- [Exercise]: Of the lines below, write out exactly those from the line with "black, yellow eyes" through the line with "Displaced Persons Professional", both included, and skip the rest.

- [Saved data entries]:
▼

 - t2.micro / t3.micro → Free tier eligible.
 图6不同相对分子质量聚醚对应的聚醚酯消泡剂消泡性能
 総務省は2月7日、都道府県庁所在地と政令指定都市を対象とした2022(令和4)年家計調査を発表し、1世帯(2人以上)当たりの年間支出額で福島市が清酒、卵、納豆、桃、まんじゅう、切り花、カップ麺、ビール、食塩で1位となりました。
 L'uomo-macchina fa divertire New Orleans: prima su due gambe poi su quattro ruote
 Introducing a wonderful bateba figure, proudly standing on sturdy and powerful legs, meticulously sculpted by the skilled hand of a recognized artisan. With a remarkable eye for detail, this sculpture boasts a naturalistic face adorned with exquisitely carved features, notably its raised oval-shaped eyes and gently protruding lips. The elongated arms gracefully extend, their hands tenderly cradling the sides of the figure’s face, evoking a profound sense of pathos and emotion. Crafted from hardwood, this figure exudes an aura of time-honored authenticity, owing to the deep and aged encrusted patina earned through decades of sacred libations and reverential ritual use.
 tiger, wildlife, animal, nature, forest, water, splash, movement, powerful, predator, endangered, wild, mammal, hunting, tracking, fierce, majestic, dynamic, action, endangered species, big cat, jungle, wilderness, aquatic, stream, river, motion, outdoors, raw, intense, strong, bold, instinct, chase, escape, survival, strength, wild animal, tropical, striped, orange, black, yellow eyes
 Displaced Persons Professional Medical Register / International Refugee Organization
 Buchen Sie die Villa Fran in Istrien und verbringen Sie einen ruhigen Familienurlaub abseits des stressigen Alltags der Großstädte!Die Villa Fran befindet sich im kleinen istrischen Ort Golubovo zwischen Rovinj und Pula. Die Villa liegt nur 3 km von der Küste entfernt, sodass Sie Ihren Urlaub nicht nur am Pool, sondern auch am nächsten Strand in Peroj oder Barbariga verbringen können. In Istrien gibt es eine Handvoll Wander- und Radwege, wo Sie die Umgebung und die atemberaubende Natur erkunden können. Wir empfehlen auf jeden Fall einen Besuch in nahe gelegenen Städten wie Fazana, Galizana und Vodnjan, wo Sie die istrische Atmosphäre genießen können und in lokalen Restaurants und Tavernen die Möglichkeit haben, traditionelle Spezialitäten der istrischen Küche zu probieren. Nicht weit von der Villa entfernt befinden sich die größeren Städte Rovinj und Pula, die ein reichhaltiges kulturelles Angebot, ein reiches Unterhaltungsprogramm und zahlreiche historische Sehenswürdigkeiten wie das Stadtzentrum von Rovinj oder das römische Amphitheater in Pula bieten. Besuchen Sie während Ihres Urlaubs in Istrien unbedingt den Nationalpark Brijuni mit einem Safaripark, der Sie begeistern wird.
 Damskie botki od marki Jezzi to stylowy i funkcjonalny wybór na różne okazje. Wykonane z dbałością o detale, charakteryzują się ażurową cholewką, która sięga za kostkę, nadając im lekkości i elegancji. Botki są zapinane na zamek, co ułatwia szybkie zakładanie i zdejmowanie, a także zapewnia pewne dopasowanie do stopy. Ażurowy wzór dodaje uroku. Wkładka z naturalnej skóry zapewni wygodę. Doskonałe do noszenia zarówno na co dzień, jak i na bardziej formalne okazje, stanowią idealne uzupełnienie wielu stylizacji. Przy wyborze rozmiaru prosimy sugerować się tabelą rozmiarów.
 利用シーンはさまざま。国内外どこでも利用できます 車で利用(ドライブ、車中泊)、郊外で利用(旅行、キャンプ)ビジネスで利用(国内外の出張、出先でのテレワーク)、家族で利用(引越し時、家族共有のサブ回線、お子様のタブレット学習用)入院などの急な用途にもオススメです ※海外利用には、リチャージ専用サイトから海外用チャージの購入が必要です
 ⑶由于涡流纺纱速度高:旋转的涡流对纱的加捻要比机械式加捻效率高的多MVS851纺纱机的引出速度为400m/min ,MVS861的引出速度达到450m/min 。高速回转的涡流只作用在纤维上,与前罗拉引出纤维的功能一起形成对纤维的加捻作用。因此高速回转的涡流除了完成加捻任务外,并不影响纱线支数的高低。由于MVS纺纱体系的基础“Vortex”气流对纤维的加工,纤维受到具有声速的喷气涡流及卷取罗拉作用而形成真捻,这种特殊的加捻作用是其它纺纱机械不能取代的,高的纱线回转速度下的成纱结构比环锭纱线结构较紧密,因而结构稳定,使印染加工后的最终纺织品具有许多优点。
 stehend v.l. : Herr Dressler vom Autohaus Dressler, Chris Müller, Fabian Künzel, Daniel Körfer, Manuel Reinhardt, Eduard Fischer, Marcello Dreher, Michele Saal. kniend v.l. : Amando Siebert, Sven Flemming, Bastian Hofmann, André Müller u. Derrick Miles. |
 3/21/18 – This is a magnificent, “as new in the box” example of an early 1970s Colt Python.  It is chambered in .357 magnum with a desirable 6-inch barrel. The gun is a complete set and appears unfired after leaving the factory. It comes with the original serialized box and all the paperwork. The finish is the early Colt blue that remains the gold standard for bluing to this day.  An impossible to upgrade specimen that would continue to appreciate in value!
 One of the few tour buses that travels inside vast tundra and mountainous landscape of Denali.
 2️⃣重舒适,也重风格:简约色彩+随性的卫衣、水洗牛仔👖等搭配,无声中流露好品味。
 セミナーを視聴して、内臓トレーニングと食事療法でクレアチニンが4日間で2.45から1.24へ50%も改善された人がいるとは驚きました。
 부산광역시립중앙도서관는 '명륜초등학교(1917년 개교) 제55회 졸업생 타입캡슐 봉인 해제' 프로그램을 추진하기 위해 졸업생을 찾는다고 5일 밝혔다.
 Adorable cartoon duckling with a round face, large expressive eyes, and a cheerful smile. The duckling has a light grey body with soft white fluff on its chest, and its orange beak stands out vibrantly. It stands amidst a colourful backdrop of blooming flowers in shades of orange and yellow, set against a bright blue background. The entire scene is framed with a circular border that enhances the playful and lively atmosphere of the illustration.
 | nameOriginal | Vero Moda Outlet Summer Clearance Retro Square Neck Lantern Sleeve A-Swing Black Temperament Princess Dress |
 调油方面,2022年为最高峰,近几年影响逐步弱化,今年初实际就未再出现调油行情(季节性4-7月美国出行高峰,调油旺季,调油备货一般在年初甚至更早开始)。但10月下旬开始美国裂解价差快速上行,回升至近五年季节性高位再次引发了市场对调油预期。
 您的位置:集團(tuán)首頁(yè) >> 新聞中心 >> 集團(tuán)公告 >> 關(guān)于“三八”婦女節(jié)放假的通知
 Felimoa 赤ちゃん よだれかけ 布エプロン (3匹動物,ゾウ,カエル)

▲

- [Reply]:
 tiger, wildlife, animal, nature, forest, water, splash, movement, powerful, predator, endangered, wild, mammal, hunting, tracking, fierce, majestic, dynamic, action, endangered species, big cat, jungle, wilderness, aquatic, stream, river, motion, outdoors, raw, intense, strong, bold, instinct, chase, escape, survival, strength, wild animal, tropical, striped, orange, black, yellow eyes
 Displaced Persons Professional Medical Register / International Refugee Organization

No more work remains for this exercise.